Has this not been our experience of this God and his world? Over and over again, just when we think we have figured him out with our infinitesimally small human minds, he shatters our assumptions and plans. He turns the world on its head. Mary’s own son will literally embody this peculiar glory of God. And for those of us with eyes to see, like Mary, it is marvelous, the very wisdom of God, worth celebrating in song and in a life of praise.
God Magnified in Our Rejoicing
But even before her celebration of God’s rescue of the weak, Mary begins with an insight not to overlook. Her opening lines not only celebrate that God magnifies his strength in the weaknesses of his people but also how. How is God magnified in us? Not through human pride and confidence, nor through human wealth and strength, but through the humble heart of rejoicing in him.
“My soul magnifies the Lord, and my spirit rejoices in God my Savior.” (Luke 1:46–47)
This is a life-changing lyric if you catch it — not just at Christmas but for all of the Christian life. God is magnified in his weak people when we, like Mary, rejoice in him.
You might say, “But that’s not what the song says. It says ‘and’ — not ‘when’ or ‘by’ or ‘through.’” The question, then, is how does the magnifying relate to the rejoicing?

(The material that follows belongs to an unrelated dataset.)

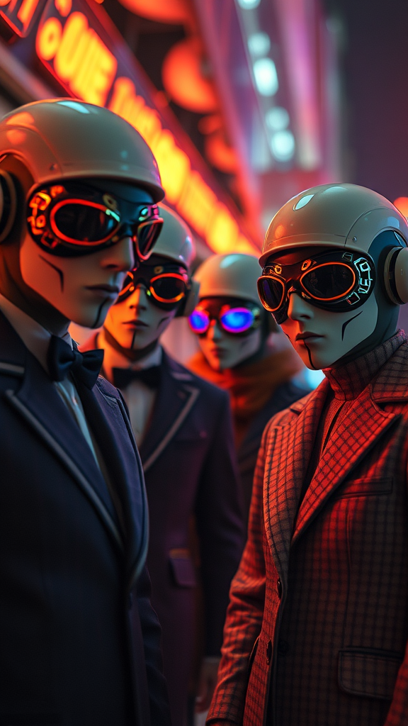 Surrealism-inspired photography featuring masquerade space figures in 1960s attire, blending vintage 60s fashion with a cyberpunk air. Captured in a cinematic and ultra-realistic style reminiscent of 1960s films, the photograph is rich in technicolor with a high-resolution quality. Shot with a 70mm lens at ISO 400, f/4, and 1/20 shutter speed, the image highlights dramatic lighting and depth of field, yielding a uniquely cropped, imbalanced frame. Despite specialized creators, the image has a washed-out, low-contrast watermark, giving it a distinctive low-resolution and low-quality appearance, as though poorly drawn or depicted through a limited video, resulting in a polymorphic and out-of-frame aesthetic.

The answer is that our spirit rejoicing in God magnifies God. Surely, his magnification increases his people’s rejoicing, but here the issue for Mary is what her soul and spirit does related to God’s magnification. And God is shown to be magnificent in Mary as she rejoices in him — because we magnify, or glorify, or honor what or whom we enjoy. We see in Mary what John Piper has demonstrated time and again for decades: God is most glorified in us when we are most satisfied in him. This is not a peripheral truth for Mary, or at Christmas, or any time of year, but it is endlessly relevant and will be so eternally for God’s people as we grow and expand and deepen and ripen in our enjoyment of this God.
What Christmas Sings About God
We would do well this Christmas, and any time of year, to listen carefully to Mary’s strange song — strange to humans attuned to the music of the world, but deeply thrilling to those who have been given an ear for the God who is, not the God of our imaginations.
Neither Mary’s song, nor Christmas itself, is a peripheral revelation of the true God. Christmas is a window into his very heart, who he is year round and forever. He does indeed look, with mercy, on those who own their humble estate, to exalt them. While he looks, with terrifying justice, on the prideful, to humble them. And for those of us who are weak and heavy laden, it is marvelous in our eyes, and music to our ears.